Enter the dragon - East Asia and Pacific: Chronicle 2002
New Internationalist, Jan-Feb, 2003 by Rowan Callick
This hunger for new, special economic deals followed immediately after China's accession to the World Trade Organization (WTO) in December 2001. It underlined the crucial significance for China's leaders of finding ways to keep the economy growing rapidly. For this is central to their legitimacy. After the Cultural Revolution had effectively destroyed ideological commitment to communism, the late Deng Xiaoping cut a new unwritten and unspoken contract with the Chinese people: we deliver ever-growing living standards, you let us rule undisturbed.
As the army of displaced and jobless workers grows -- reinforced by farmers as WTO entry starts to bite -- the pressure also keeps growing to attract new investment and to dominate new markets overseas. China has already strained its own environment beyond breaking point. Desertification now blights 28 per cent of the country and bans have been imposed on cutting further forests.
So Beijing's answer is to abandon former notions of self-sufficiency, and to use the nation's new-found economic muscle to import the raw resources it needs to fuel its growth. This, in addition to its determination to keep tabs on Taiwan, has driven it to boost substantially its presence in the Pacific. It has become a major player in Papua New Guinea's controversial logging industry, and is building its fishing capacity in the region too. It has a satellite tracking station in Kiribati.

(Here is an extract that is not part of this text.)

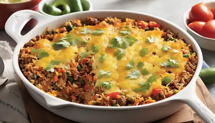 This Spicy Rice Casserole is a hearty, flavor-packed dish that’s perfect for any occasion. With a combination of bold spices, tender vegetables, and savory ground meat, this casserole offers a delightful blend of textures and tastes. It’s an excellent choice for a weeknight dinner or a potluck dish, as it’s easy to prepare and satisfies a crowd. The spice level can be easily adjusted to suit your preferences, making it a versatile recipe for those who enjoy a little kick in their meals.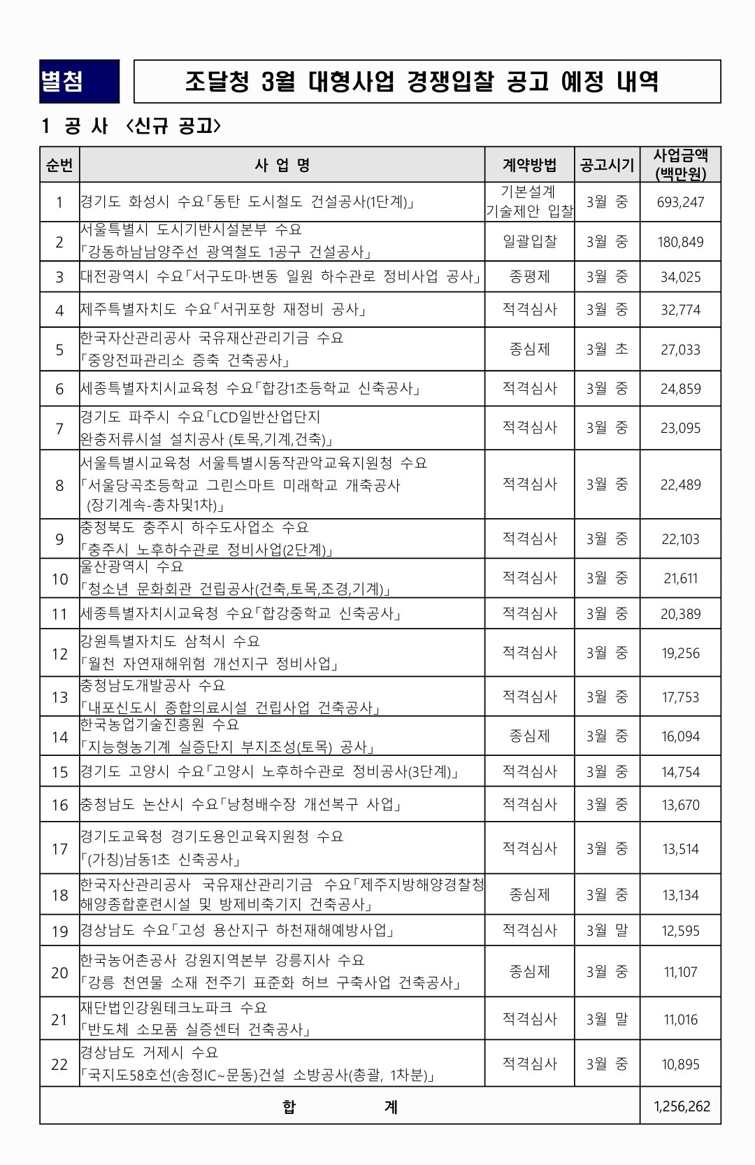 조달청 3월 대형사업 총 216건, 4조 7,924억원 상당 입찰 예정 보도자료조달청 3월 대형사업 총 216건 4조 7,924억 원 상당 입찰 예정조달청 3월 대형사업 총 216건 4조 7,924억 원 상당 입찰 예정

China is also doubtless aware that the Melanesian nations are facing their gravest problems since becoming independent a quarter of a century ago. The Solomon Islands, now widely dubbed a 'failed state,' is worst placed: its government is unable to pay its health workers or teachers, and its militias still control parts of the country. Its bigger neighbour Papua New Guinea (PNG) removed 70 per cent of its MPs at its mid-year election but saw its economy slump even faster, with agricultural and resources outputs diving, its currency also plunging and the Government running out of both funds and options other than to borrow heavily. In the southern highlands -- PNG's oil- and gas-rich 'Texas -- elections were abandoned and warlords rule: a troubling version of the region's possible future.
The dislocation of the Pacific islands region from its Asian neighbours -- other than China -- and from the rest of the global economy continued. Although the 14 island members of the Pacific Islands Forum agreed to join a free trade zone over an eight- to ten-year period, inter-island trade is only two per cent. Attempts to switch to new crops have not lived up to early hopes. Kava, for instance, soared in Europe and North America as a cure-all herbal medicine for the 21st century, with $1,00 million new plantings. Then claims the herb was linked to liver disease resulted in bans.
Back in the 1930s and l940s Japan failed in its attempt to build an Asia-Pacific empire or 'co-prosperity sphere'. It is now China's turn to try. In late 2002, as it constantly worked to build allies, it forgave Cambodia and Afghanistan their aid debts. In the Pacific, too, its aid is becoming significant. On its way to building an empire of its own, it will ultimately drag the Pacific island nations closer culturally and economically to Asia.